What is needed is each line of the data below that holds the string "their".

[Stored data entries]
--- --- ---
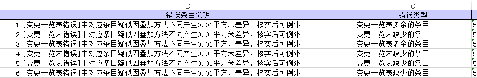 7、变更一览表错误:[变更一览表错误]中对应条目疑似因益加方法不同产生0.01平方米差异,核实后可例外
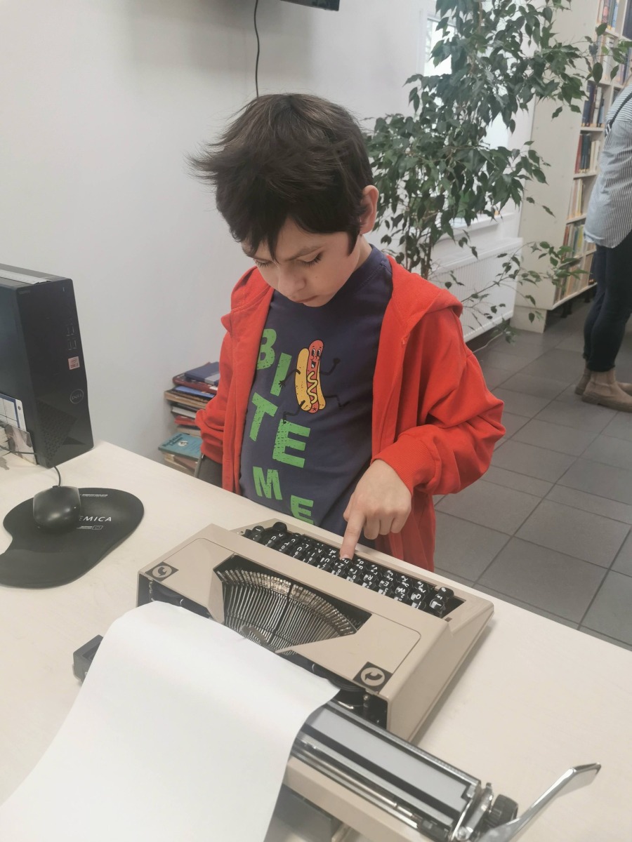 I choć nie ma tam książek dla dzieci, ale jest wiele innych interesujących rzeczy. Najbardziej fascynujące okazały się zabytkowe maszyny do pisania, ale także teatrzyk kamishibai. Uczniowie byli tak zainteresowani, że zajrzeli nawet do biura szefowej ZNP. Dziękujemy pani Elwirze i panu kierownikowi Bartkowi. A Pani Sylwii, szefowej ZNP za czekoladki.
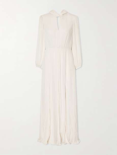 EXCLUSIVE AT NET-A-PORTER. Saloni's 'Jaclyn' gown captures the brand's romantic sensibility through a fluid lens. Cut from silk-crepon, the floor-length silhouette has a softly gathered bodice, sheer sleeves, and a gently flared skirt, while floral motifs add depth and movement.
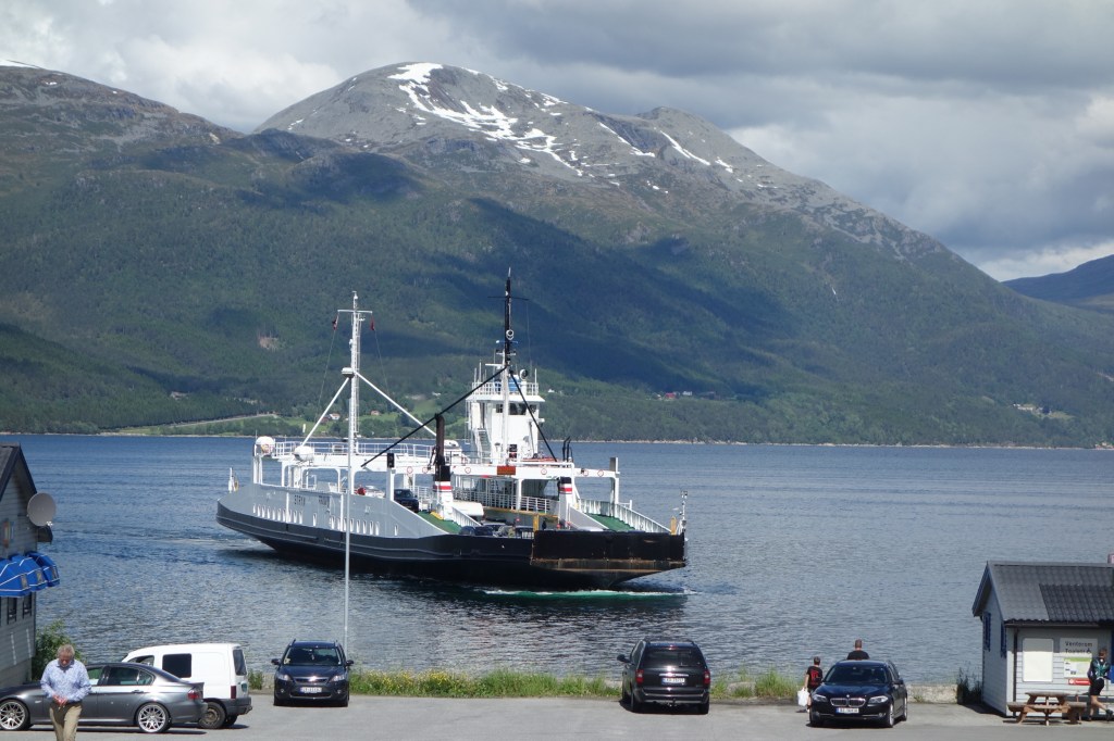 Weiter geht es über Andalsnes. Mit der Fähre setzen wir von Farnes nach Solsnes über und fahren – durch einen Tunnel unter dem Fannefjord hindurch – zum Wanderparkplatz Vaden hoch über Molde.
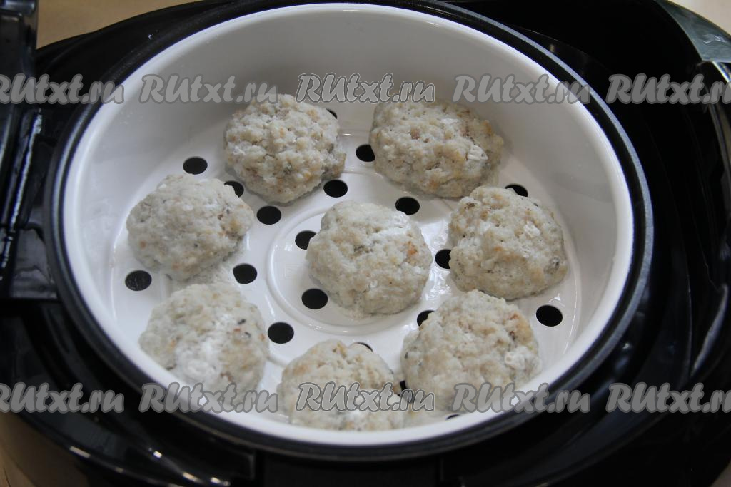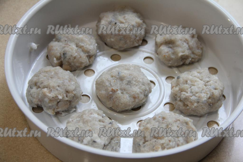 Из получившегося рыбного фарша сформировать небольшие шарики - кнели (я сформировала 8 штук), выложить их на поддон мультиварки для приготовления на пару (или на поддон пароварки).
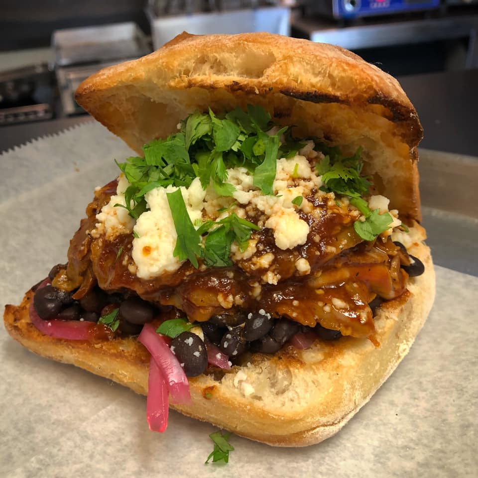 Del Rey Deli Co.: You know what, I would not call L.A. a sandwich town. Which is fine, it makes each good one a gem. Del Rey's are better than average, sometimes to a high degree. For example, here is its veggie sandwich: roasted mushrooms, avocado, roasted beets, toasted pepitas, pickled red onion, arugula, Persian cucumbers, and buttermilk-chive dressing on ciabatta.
--- --- ---
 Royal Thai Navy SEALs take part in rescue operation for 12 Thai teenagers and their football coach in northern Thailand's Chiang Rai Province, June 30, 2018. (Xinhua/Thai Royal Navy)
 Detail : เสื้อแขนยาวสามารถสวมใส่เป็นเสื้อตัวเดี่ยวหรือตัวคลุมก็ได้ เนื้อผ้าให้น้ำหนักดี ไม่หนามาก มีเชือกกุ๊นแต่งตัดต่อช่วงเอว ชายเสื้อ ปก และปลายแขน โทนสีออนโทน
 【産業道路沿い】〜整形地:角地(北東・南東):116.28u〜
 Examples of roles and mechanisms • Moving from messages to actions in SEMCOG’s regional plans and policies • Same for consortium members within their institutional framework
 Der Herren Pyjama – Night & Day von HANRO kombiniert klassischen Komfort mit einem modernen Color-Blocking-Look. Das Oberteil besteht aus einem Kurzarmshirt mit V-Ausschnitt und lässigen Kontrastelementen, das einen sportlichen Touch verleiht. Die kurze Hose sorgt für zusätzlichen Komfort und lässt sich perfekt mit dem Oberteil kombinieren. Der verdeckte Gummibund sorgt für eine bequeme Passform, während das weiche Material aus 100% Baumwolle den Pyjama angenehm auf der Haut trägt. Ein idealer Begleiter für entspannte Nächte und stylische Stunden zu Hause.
--- --- ---
▶ Answer to the exercise
 Royal Thai Navy SEALs take part in rescue operation for 12 Thai teenagers and their football coach in northern Thailand's Chiang Rai Province, June 30, 2018. (Xinhua/Thai Royal Navy)
 Examples of roles and mechanisms • Moving from messages to actions in SEMCOG’s regional plans and policies • Same for consortium members within their institutional framework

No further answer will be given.